Hashes are too long, aren't human-recognizable as to meaning, etc. I don't want half-assed workarounds. They need to uniquely number their books.

- they don’t need to do anything to conform to your arbitrary organization choices

- hashes are as long or short as you need them to be

- publication timestamp is in every ebook’s metadata, is almost guaranteed to be unique, monotonically increases, and has actual semantic meaning compared to an isbn or oclc


>they don’t need to do anything to conform to your arbitrary organization choices

They don't need to. It'd be smart. It's not "arbitrary". It's fucking library science.

>hashes are as long or short as you need them to be

Hashes might uniquely identify a computer file, but they don't uniquely identify an edition/release of a published book. Some jackass on libgen decides to tweak a single byte, now it has a new hash... but it's not a new edition.

>publication timestamp is in every ebook’s metadata

As someone who takes a look at every internal opf file, no... they're not in every ebook.

You're suggesting I go to the extra trouble of doing a job they could do easily, when I can only do it poorly, and I don't know why... because the first person to respond was a dumbass and thought I was attacking him?
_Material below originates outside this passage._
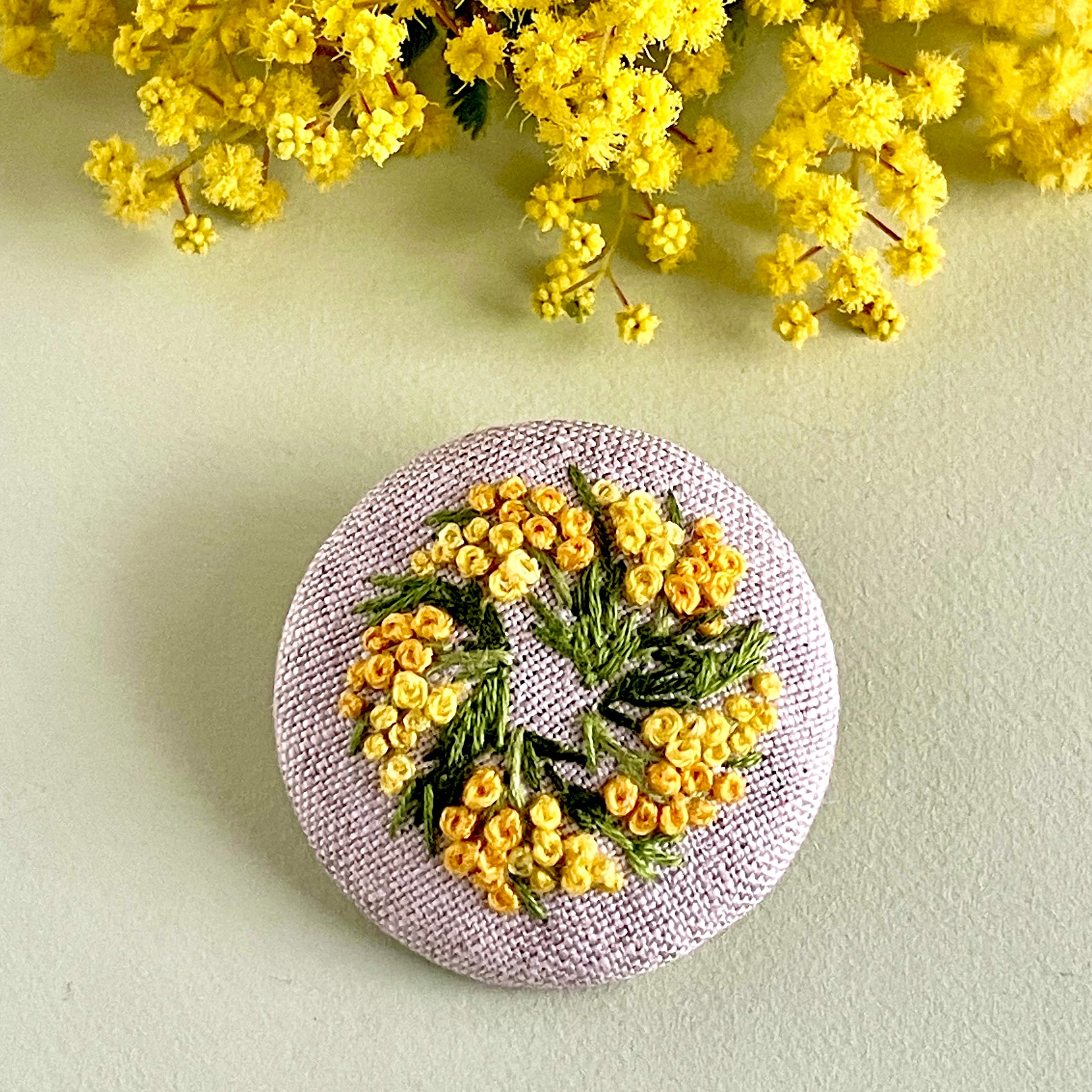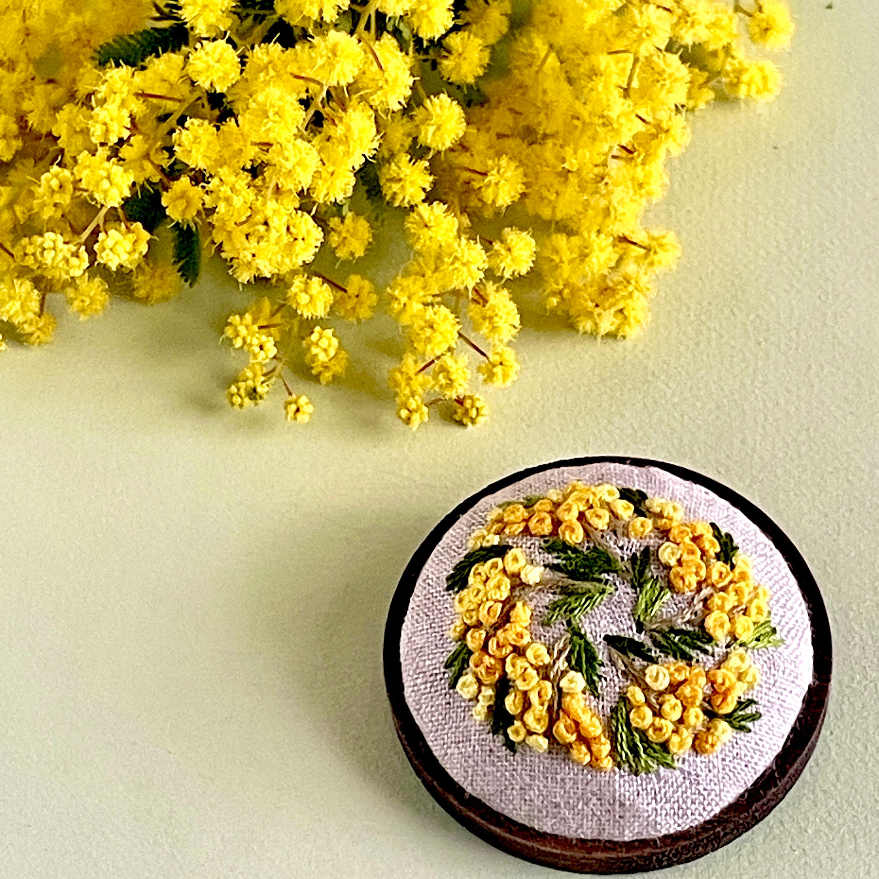 ミモザの刺繍ブローチを身につけてお出かけしませんか。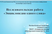 Вагина Камилла, ученица 6Б класса, приняла участие в VI Республиканской Филологической научно-практической конференции имени Ярослава Гашека (секция русского языкознания). Тема исследовательской работы – «Энциклопедия одного слова» (руководитель – Кондакова Галина Викентьевна). Пройдя заочный тур, Камилла получила приглашение на очный тур конференции, который состоится на базе гимназии №7 г.Бугульмы 29 апреля 2022 года. Пожелает Камилле удачи!

I swear, 99% of humans are still monkeys.


You don't need to hash file contents (though that is often a useful thing to do). You can hash e.g. the URL that was earlier claimed to be the canonical identifier. Running it through your favorite hash function fixes your complaints about file names (choose your favorite hash function such that it is not too long and only outputs allowed characters).

Ah. The url, so I can substitute one difficult-for-human-readability with another difficult-for-human-readability, both of which are excessively long and opaque-by-design.

>choose your favorite hash function such that it is not too long

ISBN's 13 digits is about as long as is tolerable. Any time there is a list of authors six names long (academic titles) along with a subtitle, it's very easy to bump up against max filename size.

This isn't a problem I can solve on my own. Just trying to bring attention to it. My solution thus far is to just avoid publishers who are so unprofessional as to not provide numbers. It's not tough, Project Gutenberg does it. Anyone can do it. If you're some amateur whose entire catalog is 8 books published, you say "this book is 1, and this book is 2" etc, and it's a done deal. Again, I don't expect anyone to use ISBNs (in the US, you have to pay for them unless you're one of the big 5 publishing houses), but just use your own for god's sake.


Hashes are not excessively long unless you choose to make it so. They might be opaque/random if you want, or they might not. "Remove all special characters and keep only the first 5 characters with space padding" is a string hash function. "Keep only the first 5 vowels with space padding" is a string hash function.

Here's a friendly AI generated hash function to give you an opaque 13 digit number if you're into that:

echo -n "$URL" | sha1sum | awk '{print $1}' | xxd -r -p | od -An -t u8 | tr -d ' \n' | cut -c1-13

For example, for https://standardebooks.org/ebooks/denis-diderot/the-indiscre... you get the ID 4897562473051.

It looks like their ebook sources are all published in git repos online, so you could check out the repos, get the timestamp of the initial commits, and do a monotonic ID on that if you wanted. You could also contribute the change back to them if you think it's something others would benefit from.


> very irritating

I think it’s possible to express this in a less caustic way. Because Standard E-books is high quality and free of charge right?


Have a little respect, for fucks sake. This does not belong here.

Firefox does support XSLT. At Standard Ebooks, our ebook OPDS/RSS feeds are styled with XSLT when viewed with a browser. See for example https://standardebooks.org/feeds/opds/new-releases (use view source to see that it's an XML document).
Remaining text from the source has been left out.